No cambió el guion. El Tenerife adolecía de aplomo y oficio, transmitiendo esa inseguridad a su rival. El terror en el cuerpo volvió en el 90′, con un centro al segundo palo donde apareció Yoldi para ganar el duelo aéreo en el área chica, pero cuyo cabezazo se iba por fortuna desviado cuando lo tenía todo a favor para igualarlo.
Con seis de tiempo extra, el Tenerife trató de sacudirse la presión de su contrincante guardando la pelota, con posesiones más largas. Pero en otro error infame, Lumbreras se plantó en el área e hizo un favor al líder, definiendo con el exterior para mandarla fuera. El runrún hizo acto de presencia entre los más de 12.200 aficionados. Lo más importante, el factor resultadista: tres puntos de oro y un paso más cerca del retorno hacia la Segunda División.
FICHA TÉCNICA
CD Tenerife (1): Dani Martín; César, Landázuri, León, David (Yaakobishvili, 77’); Juanjo Sánchez, Fabricio (Alassan, 84’), Cris Montes (Ulloa, 64’), Noel López (Balde J., 64’); Gastón y Gallego (Chapela, 64’)
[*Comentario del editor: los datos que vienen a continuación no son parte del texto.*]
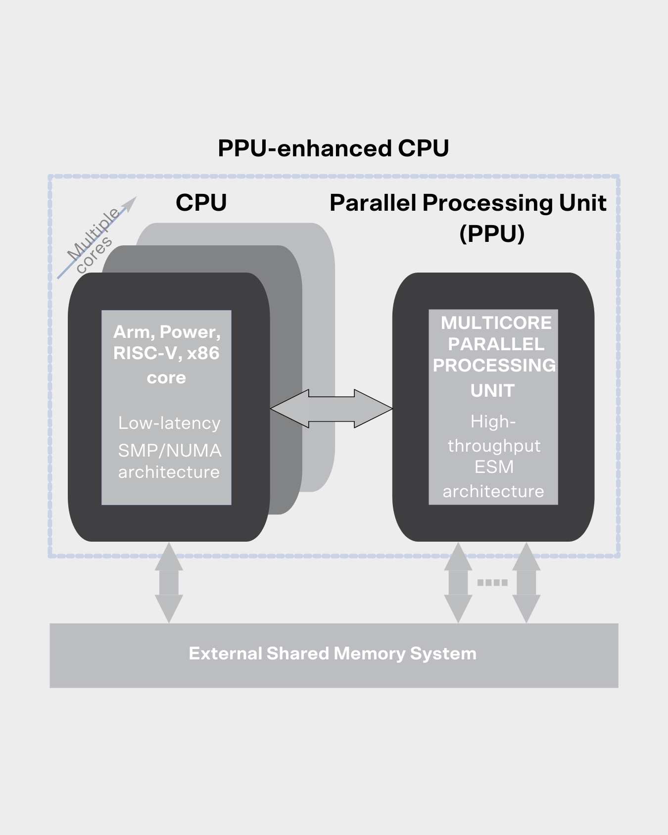 Attempts to solve the problem of early ESM proposals by integrating low-latency and high-throughput executions into a single monolithic architecture indicate that either sequential or parallel execution gets compromised [Forsell18]. Our approach is to integrate dedicated sequential and parallel architectural components into a tightly coupled entity utilizing a Central Processing Unit (CPU) and Flow Parallel Processing Unit (PPU) [Forsell16] (see Figure). In the resulting hybrid architecture, the CPU handles sequential execution, TCF control, and legacy code, while Flow PPU is optimized for high-performance, general-purpose parallel computing, i.e., efficiently executing individual parallel software components. Both architectural units access a unified memory system to allow co-processing, simplify data handling, and minimize the need for explicit synchronization.

Entrenador: Álvaro Cervera.
Osasuna Promesas (0): Rafa Fernández; Mikel Ansó (Kepa, 53’), Álex Jiménez, Unai Santos (Pedro Arena, 74’), Raúl Chasco; Ibai Arrasate, Mauro Echegoyen, Manu Rico, Miguel Auría; Ander Yoldi y Dani González (Lumbreras, 74’).
Entrenador: Santi Castillejo.
Goles: 1-0, Gastón tras robar en área rival y cuyo pase de la muerte fue introducido en propia portería por Arrasate (50’).
Árbitro: David Cambronero (Comité castellano-manchego), asistido desde las bandas por Pedro Javier López y Max Van Esso. Cuarto árbitro: Cándido Jesús Rodríguez. Oficial informador: Alexander González. Amonestó en los locales a Gastón y César; y en los visitantes a Mauro Echegoyen, Santos y Auría.
Incidencias: Encuentro correspondiente a la 29ª jornada del grupo I de Primera RFEF, disputado en el Heliodoro Rodríguez López ante 12.288 espectadores. El Tenerife vistió con camiseta y medias blancas, así como pantalón azul. El Osasuna Promesas, completamente de rojo. Antes del comienzo del partido se guardó un minuto de silencio, en memoria de Laurentino Hernández Hernández, abonado del CD Tenerife.